For this post I mostly analyzed version 1.0
The Croissant format roughly consists of 3 parts:
Type | Desc. | Objects |
---|---|---|
metadata | information about the dataset, including description, source, licensing, and keywords | Dataset |
resources | information about the raw files/filesets contained in the dataset | FileObject , FileSet , |
structure+semantics | data structure and resource processing guides | RecordSet , Field , DataSource |
A simplified diagram of the Croissant spec
Metadata
Builds on schema.org/Dataset.
Croissant 1.0 Required Metadata Properties
The following list of properties from schema.org must be specified for every Croissant dataset.
Property | ExpectedType | Cardinality | Comments |
---|---|---|---|
@context | URL | ONE | A set of JSON-LD context definitions that make the rest of the Croissant description less verbose. See the recommended JSON-LD context in Appendix 1. |
@type | Text | ONE | The type of a Croissant dataset must be schema.org/Dataset. |
dct:conformsTo | URL | ONE | Croissant datasets must declare that they conform to the versioned schema: http://mlcommons.org/croissant/1.0 |
description | Text | ONE | Description of the dataset. |
license | CreativeWork, URL | MANY | The license of the dataset. Croissant recommends using the URL of a known license, e.g., one of the licenses listed at https://spdx.org/licenses/. |
name | Text | ONE | The name of the dataset. |
url | URL | ONE | The URL of the dataset.

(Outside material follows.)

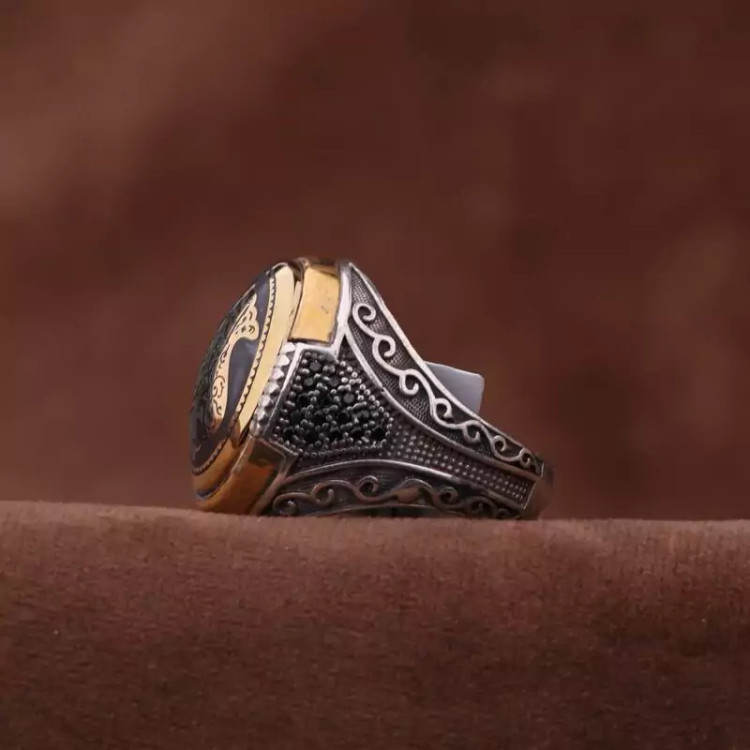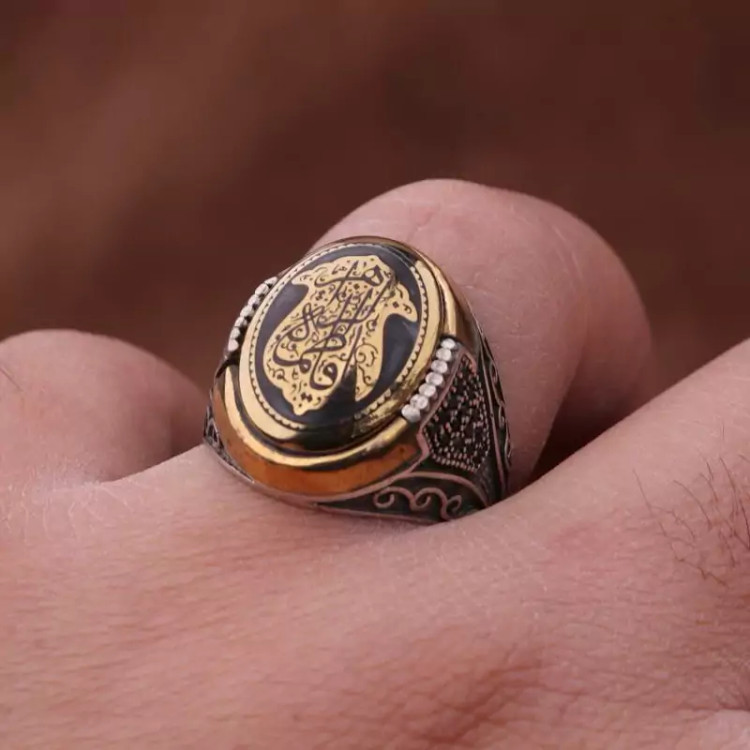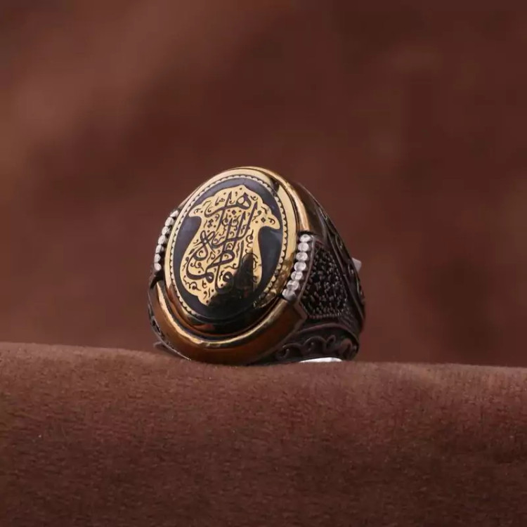 انگشتر حدید روکش برنجی طراحی زیبای نقش یافاطمه الزهرا اصل ( انگشتر مردانه )

This generally corresponds to the Web page for the dataset. |
creator | Organization, Person | MANY | The creator(s) of the dataset. |
datePublished | Date, DateTime | ONE | The date the dataset was published. |
The metadata for the dataset is stored in the root of the Croissant file.
A URL is required to link to where the dataset can be found.

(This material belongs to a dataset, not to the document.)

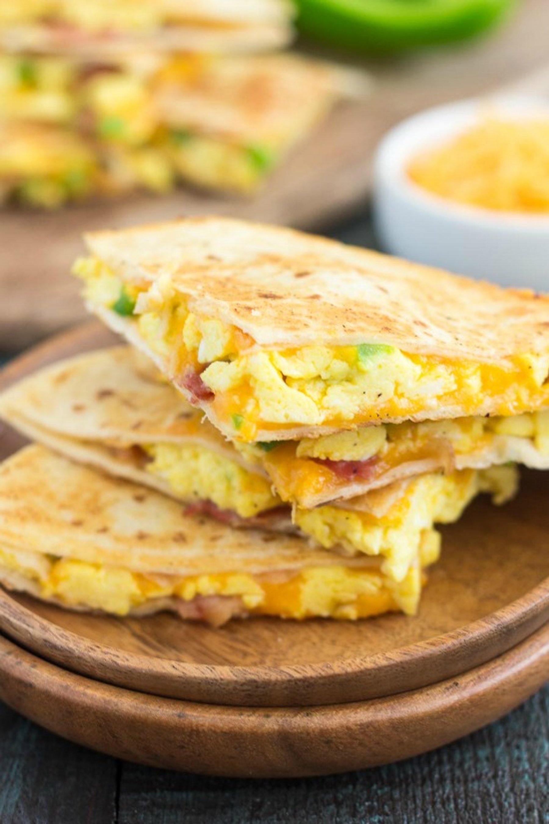 These Easy Breakfast Quesadillas are filled with fluffy, scrambled eggs, green peppers, bacon and cheddar cheeses!

While only one can be set, there is also a sameAs
field that allows pointing to matching datasets with different URLs (http, s3, ipfs, onion, etc).
A keywords
field allows adding text and links about the dataset, perfect for tags or references.
Versioning and isLiveDataset
attributes allow the dataset the change over time.
Changes to the dataset should be constrained to updating or creating, not deleting.
It is best utilized to add additional data and improve RecordSet
information.
If the structure of the data is also changing it is probably better to create new, separate datasets.
Resources
Resources refer to the actual files of the dataset.
Items are either a FileObject
or a FileSet
.
A FileObject
is a single item, and FileSet
is one or more items matching a glob pattern.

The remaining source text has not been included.